As he spoke he reached for a small glass jar in the basket of his bicycle, long fingers slowly unscrewing the lid.

“I…I don’t know sir.”

“You don’t know? I’m afraid you misunderstand me. What are you afraid of, boy? What wakes you up in the middle of the night? What sends a shiver down your spine? What slithers about in the dark corners of your mind? Hm?”

“I suppose I’m afraid of spiders, sir, and…” he hesitated before continuing, “bogeymen, kidnappers, you know.”

“Yes, that’s all very good. And are you afraid of me?” He took one step forward, and placed the glass jar just under Billy’s nose.

“Well, yes, a little.”

The man drew up to his full height, eyes glinting dangerously as he leered down at Billy.

“You’d be very wise to be afraid, very wise indeed. Can I trust you to keep a secret?”
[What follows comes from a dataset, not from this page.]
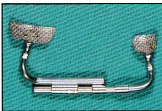
784 Space Maintainer
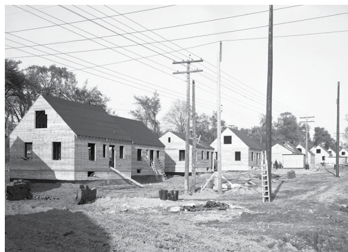
Photo: Wartime homes on Carling Avenue, mid-construction, 1945 / City of Ottawa Archives / CA024990

Billy nodded nervously. The man leaned in close and whispered,

“I am the bogey man.”

The inside of the jar became fogged with Billy’s short, panicked breaths. The man screwed the lid back on tightly and immediately. Strangely, at that same moment, Billy ceased to fear the him at all. He looked up at him in wonderment as the man quietly and carefully replaced the jar into his basket.

“What…what did you just do that for?” asked Billy, feeling emboldened.

“I’ve just bottled your fear, my boy. I am a collector, a purveyor, and a protector of fear. In my home I have thousands of different fears, bottled up and shelved alphabetically. I appreciate your assistance. Now if you excuse me, I need to be going.”